Crawford had been watching the doctor with a taut, bleak expression on his gaunt face, and he answered in a hollow, resigned way. "No."

"Then perhaps you will reconsider my proposition."

"No," said Crawford, in that same hollow tone.

Huerta reached beneath his coat for his silver cigarette case, taking a smoke from this to fit it in the holder. He did not raise his eyes to Crawford again as he moved across the room toward the door. He pulled open the portal, and only then, turning toward Crawford, did his glance rise. Again Crawford was swept with that strange, hypnotic dizziness, as he stared into the man's eyes.

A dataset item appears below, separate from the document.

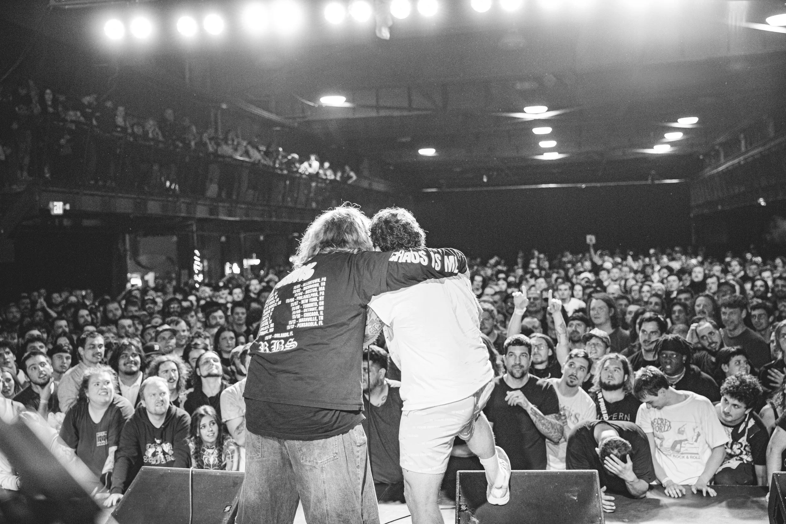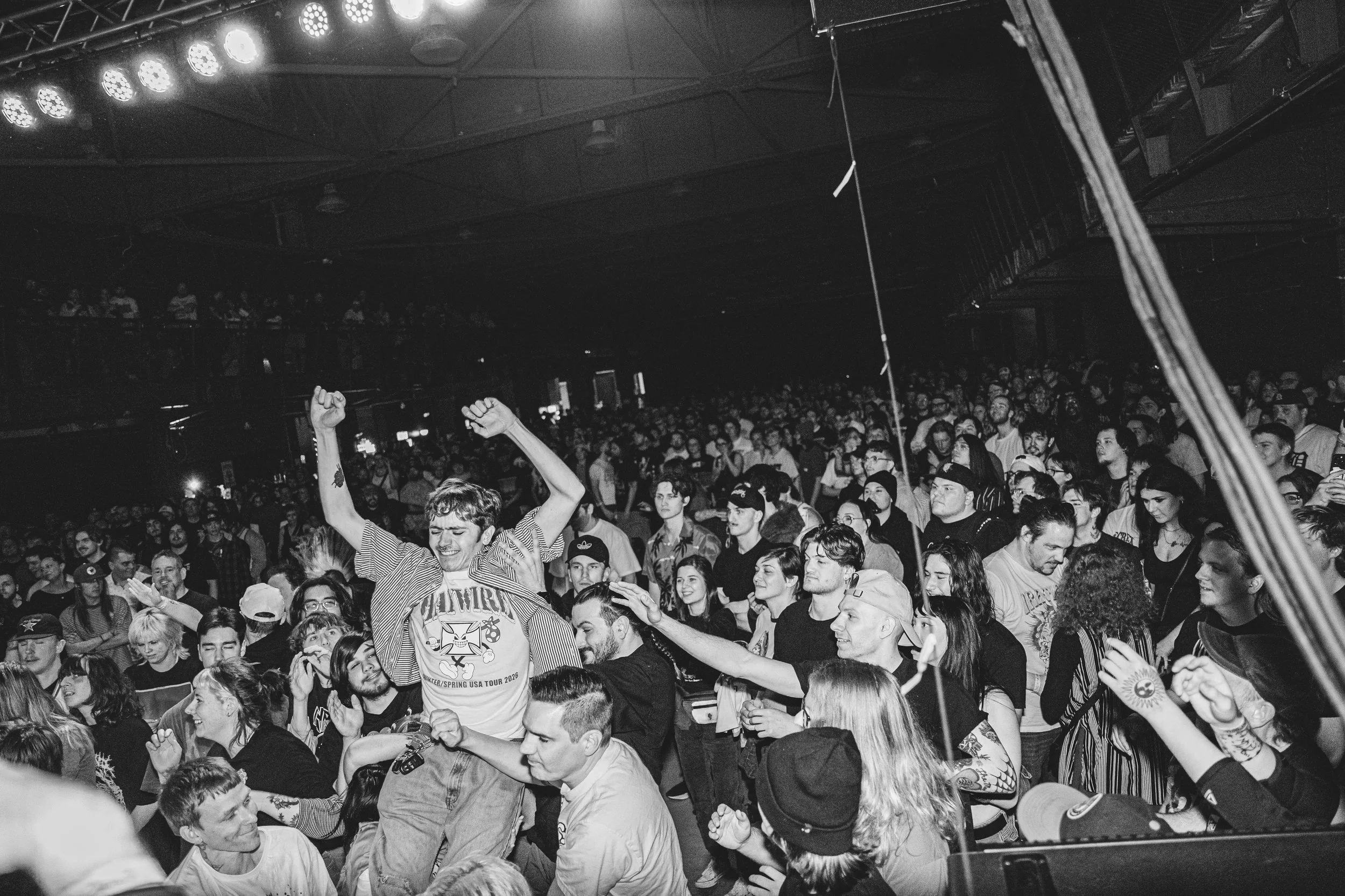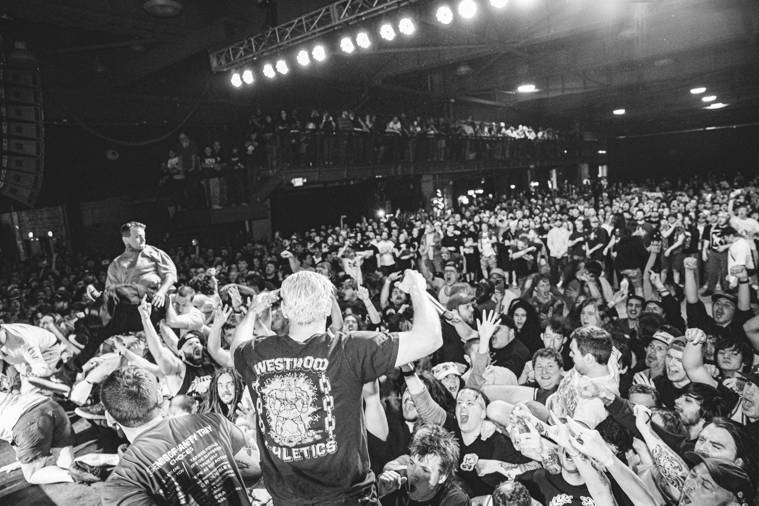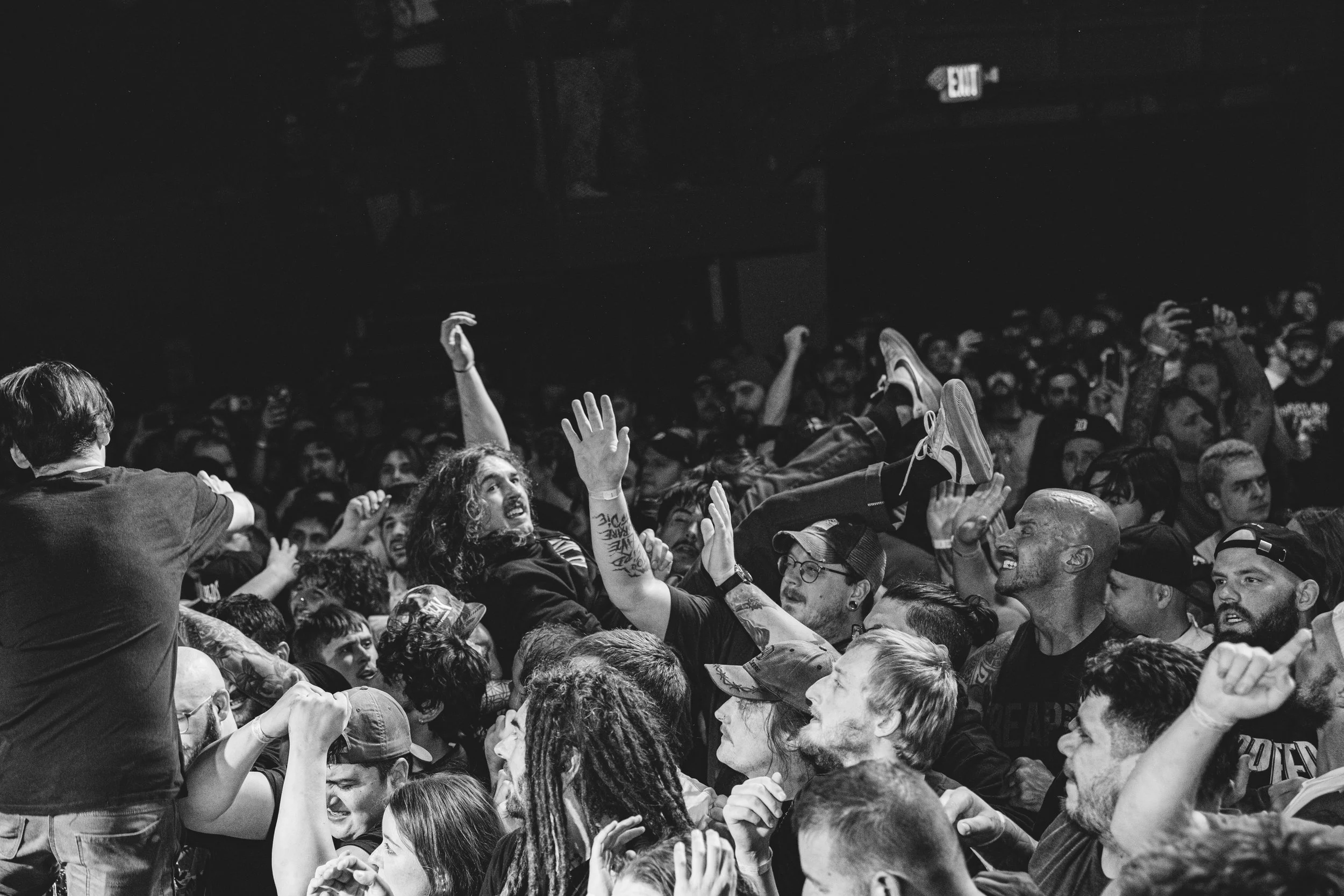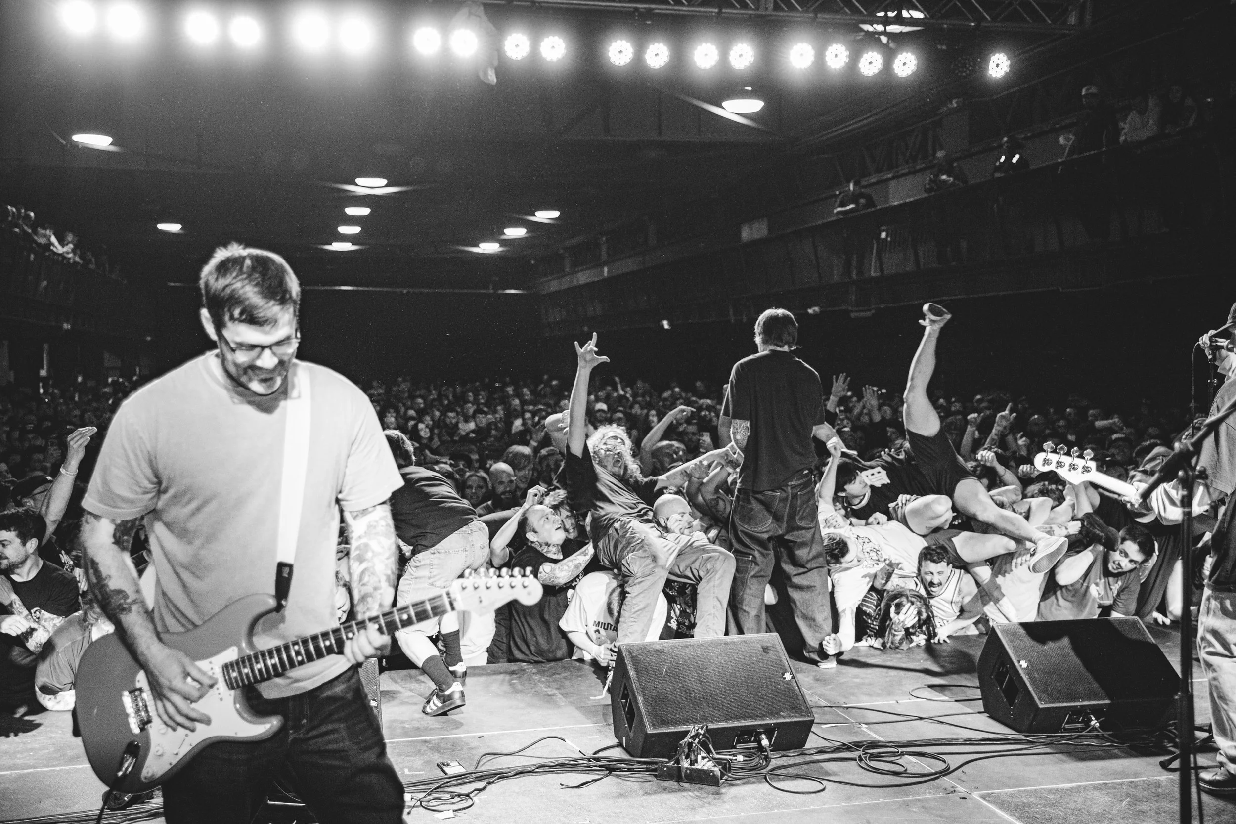 No Pressure brought so many stage dives. I took a moment to just count the stage dives for a moment, and it was laughable how many SUCCESSFUL dives there were. Made me proud, Detroit. Not too many people βlaying downβ or βWaving at people to catch themβ. After watching videos this week of other shows, it made me feel better about things in that regard.

It struck him as childishly melodramatic, and he wanted to laugh, and could not.

"I think you will regret coming back this morning," said Huerta, in a barely audible voice, before he turned to go out. "I think you will regret it exceedingly."

_Chapter Six_

"TELL US WHAT HAPPENED."

An adobe banco ran down one side of the cookshack on the inside, forming a bench, and it was upon this that Jacinto had deposited his generous bulk. He was bent in childish concentration over a block of wax from which he carefully peeled thin strips, depositing these with much care into a clay bowl. Small, intimate mutters rumbled up from him with each process.

"Ah, so," he mumbled, slicing off a piece, "ah _sí_," and sliced off another, and then jumped erect in startled surprise, dropping the block of wax. "Ah, Crawford!"

Crawford stepped on in through the door, sniffing. "Smells like bayberry."

"How--how did you get out?" quavered Jacinto, grunting painfully with the effort it cost him to stoop over and retrieve the wax.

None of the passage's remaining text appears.